TASK PROMPT –
For this task, output exactly the lines of the material below starting at the line with "6/25(水)、生徒会主催に" and ending at the line with "Birth Registration: Year: 1891"; pictures are to be excluded.

TASK INPUT –
************

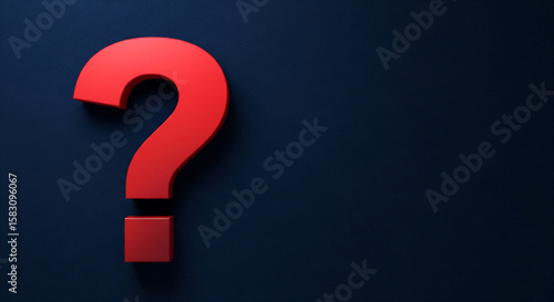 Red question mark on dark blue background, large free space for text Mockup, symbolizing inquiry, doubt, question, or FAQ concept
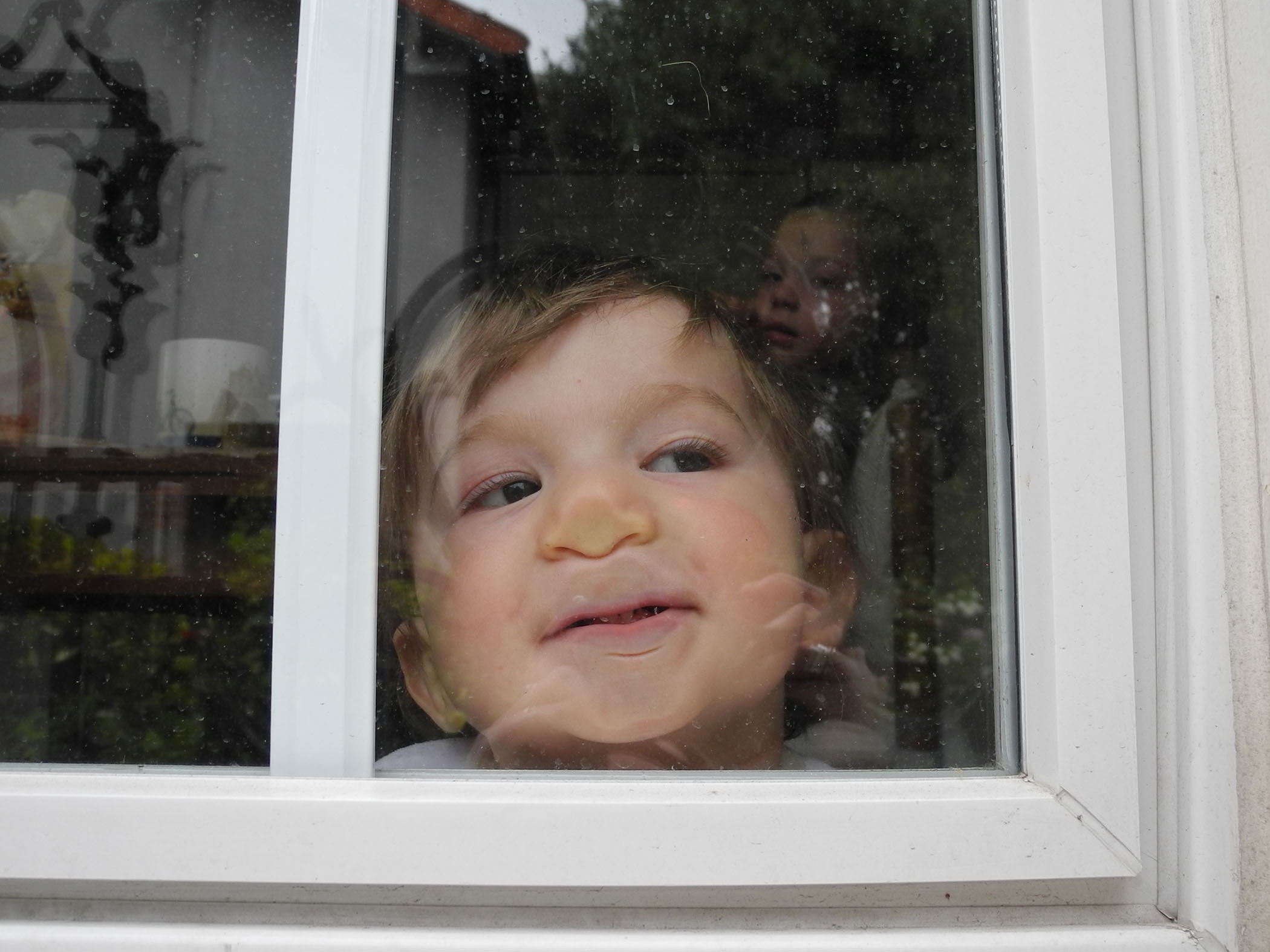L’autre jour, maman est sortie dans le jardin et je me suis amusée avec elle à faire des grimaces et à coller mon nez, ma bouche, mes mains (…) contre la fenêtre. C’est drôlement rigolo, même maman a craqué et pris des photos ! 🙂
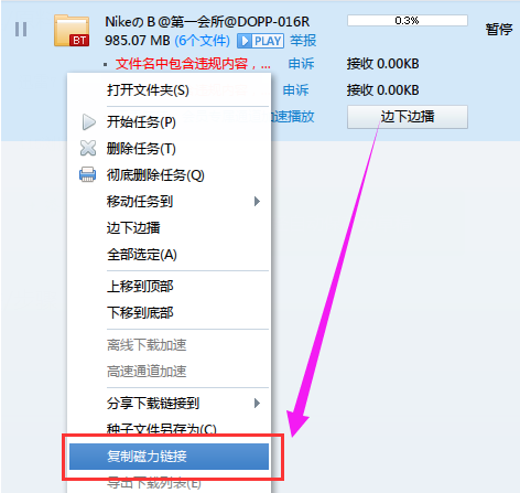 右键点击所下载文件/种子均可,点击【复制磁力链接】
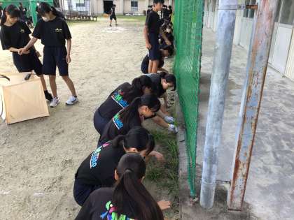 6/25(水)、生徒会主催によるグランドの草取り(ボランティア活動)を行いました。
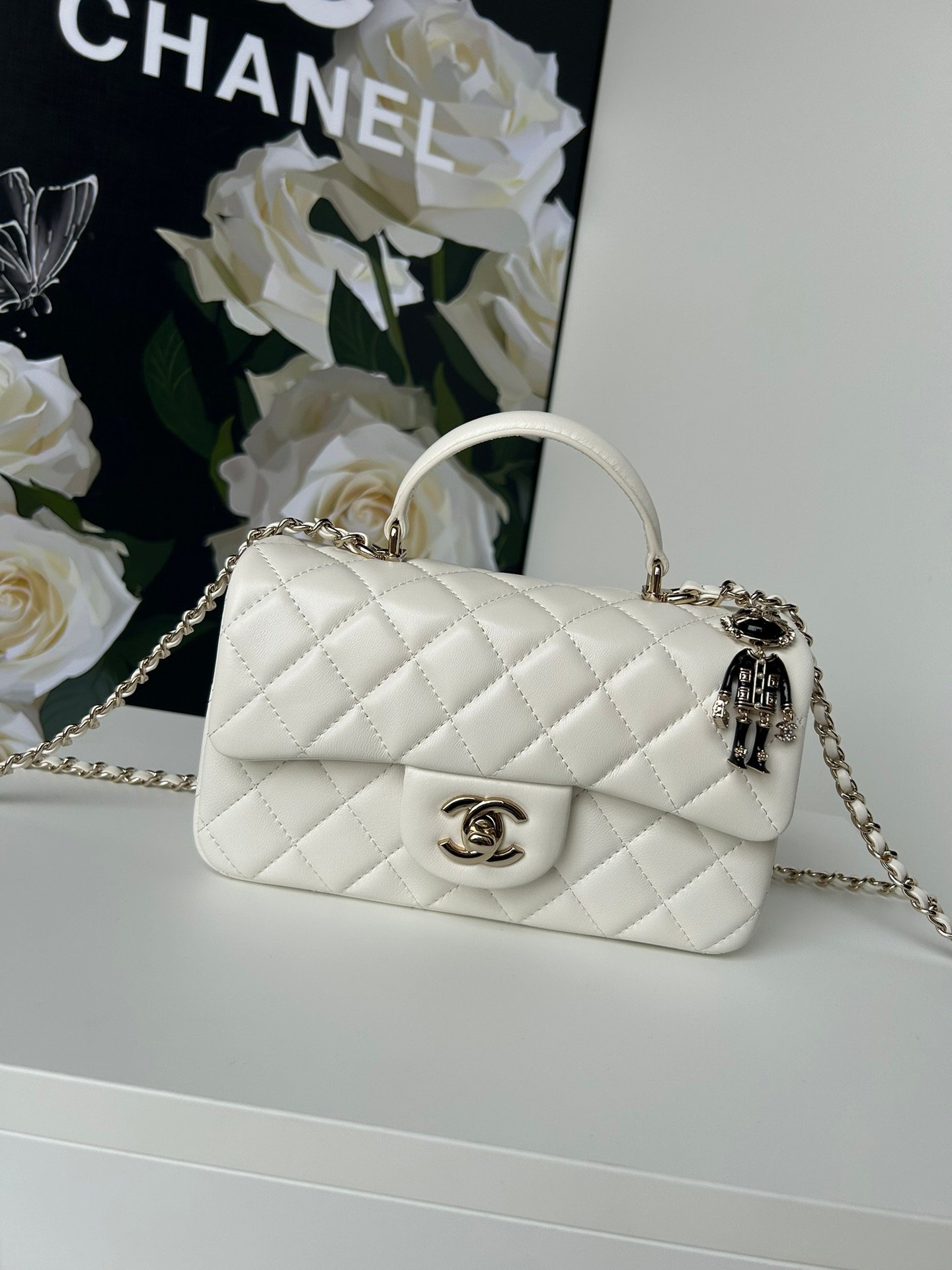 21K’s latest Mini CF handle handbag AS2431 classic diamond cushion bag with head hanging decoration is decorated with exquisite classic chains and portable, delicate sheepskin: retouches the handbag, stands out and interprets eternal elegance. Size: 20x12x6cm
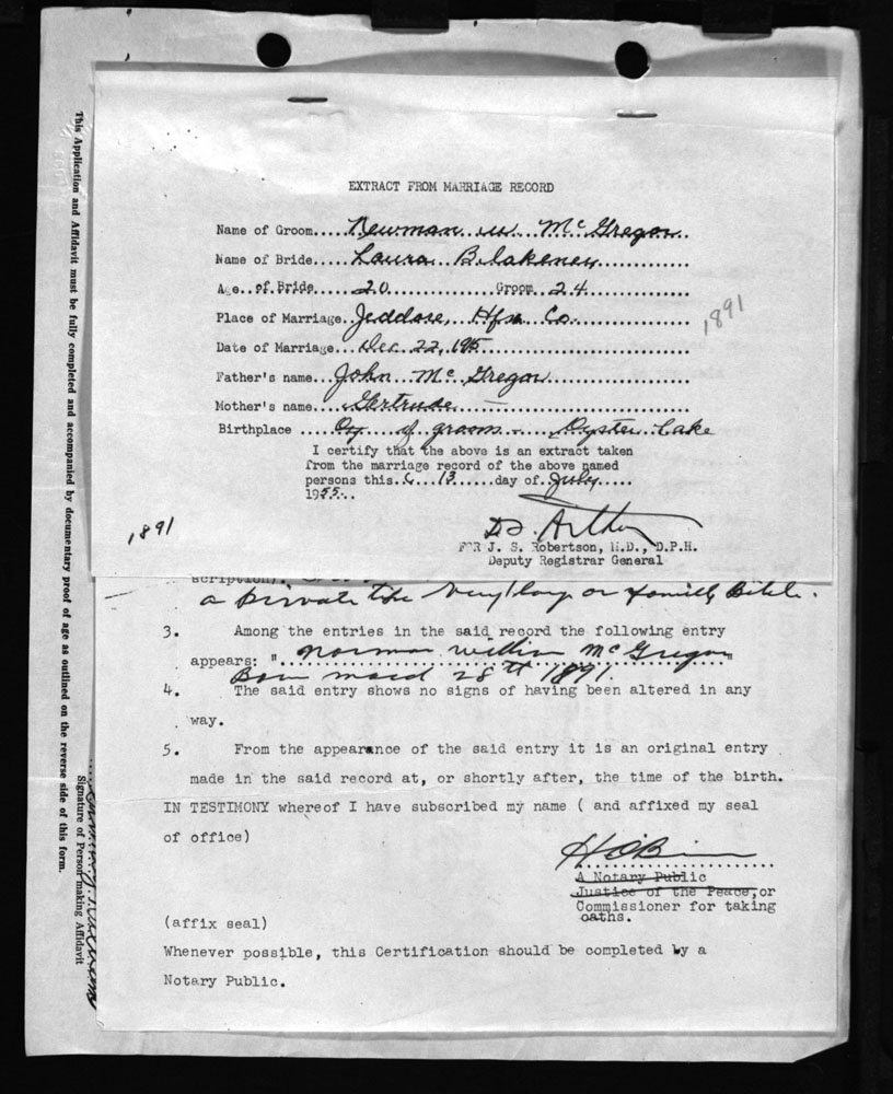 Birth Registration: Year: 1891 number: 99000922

************

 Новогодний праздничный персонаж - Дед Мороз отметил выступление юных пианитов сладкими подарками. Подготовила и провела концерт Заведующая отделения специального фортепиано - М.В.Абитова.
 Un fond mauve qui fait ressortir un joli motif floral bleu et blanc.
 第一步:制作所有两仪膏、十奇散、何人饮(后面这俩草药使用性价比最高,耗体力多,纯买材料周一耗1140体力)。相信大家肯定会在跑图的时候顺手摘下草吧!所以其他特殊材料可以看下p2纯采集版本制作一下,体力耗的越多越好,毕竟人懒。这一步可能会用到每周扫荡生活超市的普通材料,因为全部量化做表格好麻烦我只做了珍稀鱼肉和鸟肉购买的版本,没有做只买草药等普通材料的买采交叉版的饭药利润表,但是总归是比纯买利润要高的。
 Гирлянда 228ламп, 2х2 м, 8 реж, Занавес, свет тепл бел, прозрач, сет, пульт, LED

************

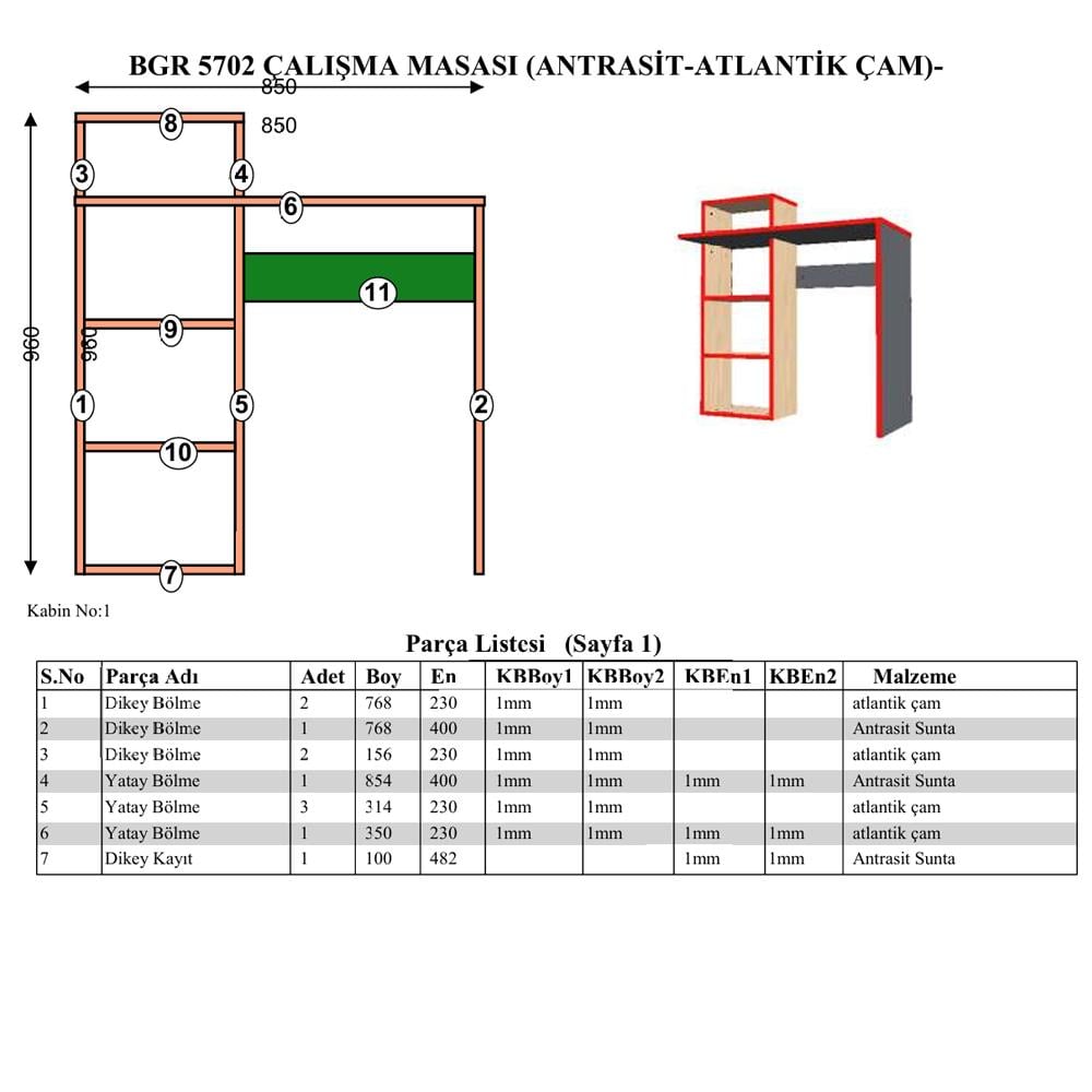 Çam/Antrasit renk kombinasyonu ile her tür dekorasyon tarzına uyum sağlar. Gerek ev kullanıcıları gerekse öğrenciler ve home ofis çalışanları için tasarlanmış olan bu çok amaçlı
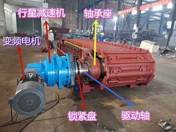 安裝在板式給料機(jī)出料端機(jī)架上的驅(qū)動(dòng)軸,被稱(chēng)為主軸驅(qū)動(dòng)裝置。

************

ANSWER BOX –
 6/25(水)、生徒会主催によるグランドの草取り(ボランティア活動)を行いました。
 21K’s latest Mini CF handle handbag AS2431 classic diamond cushion bag with head hanging decoration is decorated with exquisite classic chains and portable, delicate sheepskin: retouches the handbag, stands out and interprets eternal elegance. Size: 20x12x6cm
 Birth Registration: Year: 1891 number: 99000922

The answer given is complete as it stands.